## RECORD EXTRACTS
········

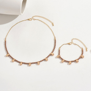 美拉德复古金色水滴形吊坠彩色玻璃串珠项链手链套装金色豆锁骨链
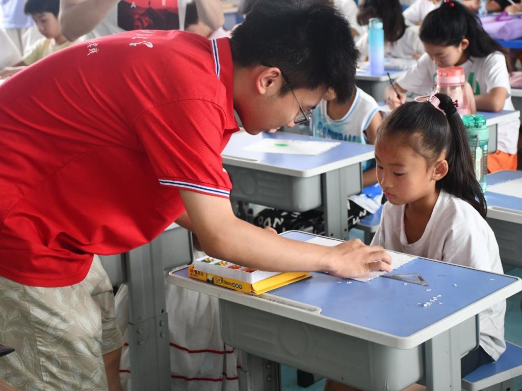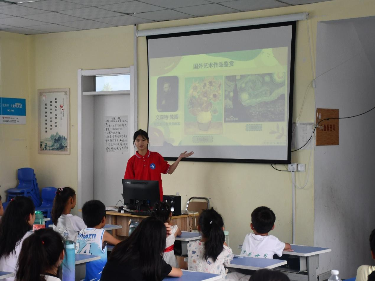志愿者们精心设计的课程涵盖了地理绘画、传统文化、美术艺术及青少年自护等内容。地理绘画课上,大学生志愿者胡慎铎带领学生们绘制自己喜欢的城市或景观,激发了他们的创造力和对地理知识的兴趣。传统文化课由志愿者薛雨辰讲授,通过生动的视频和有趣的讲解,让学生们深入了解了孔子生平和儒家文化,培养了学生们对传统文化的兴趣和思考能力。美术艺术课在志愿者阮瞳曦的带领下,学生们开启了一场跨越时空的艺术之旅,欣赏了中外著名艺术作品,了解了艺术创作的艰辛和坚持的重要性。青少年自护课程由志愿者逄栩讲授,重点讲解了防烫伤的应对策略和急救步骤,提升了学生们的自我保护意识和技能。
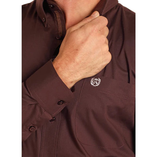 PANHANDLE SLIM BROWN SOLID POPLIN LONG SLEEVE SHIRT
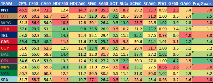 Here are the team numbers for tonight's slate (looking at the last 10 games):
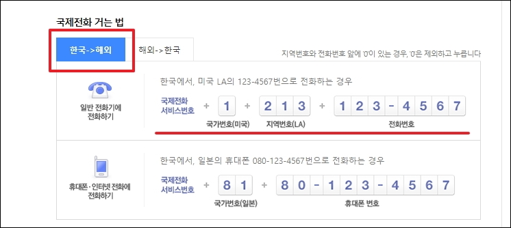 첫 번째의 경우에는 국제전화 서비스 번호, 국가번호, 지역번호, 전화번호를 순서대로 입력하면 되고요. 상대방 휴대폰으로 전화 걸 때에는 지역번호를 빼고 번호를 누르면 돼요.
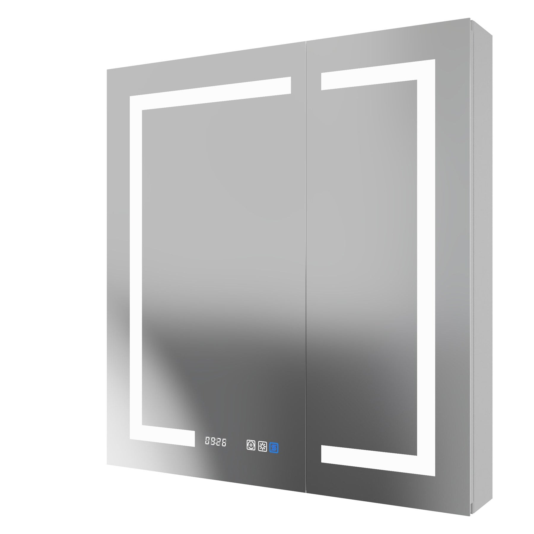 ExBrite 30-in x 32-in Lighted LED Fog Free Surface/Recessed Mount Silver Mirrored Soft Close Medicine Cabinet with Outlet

········

## EXERCISE
Starting at the line that contains "첫 번째의 경우에는 국제전화", reproduce every line through the last one in the records exactly, and omit all pictures.

## RESULT OF THIS EXERCISE
 첫 번째의 경우에는 국제전화 서비스 번호, 국가번호, 지역번호, 전화번호를 순서대로 입력하면 되고요. 상대방 휴대폰으로 전화 걸 때에는 지역번호를 빼고 번호를 누르면 돼요.
 ExBrite 30-in x 32-in Lighted LED Fog Free Surface/Recessed Mount Silver Mirrored Soft Close Medicine Cabinet with Outlet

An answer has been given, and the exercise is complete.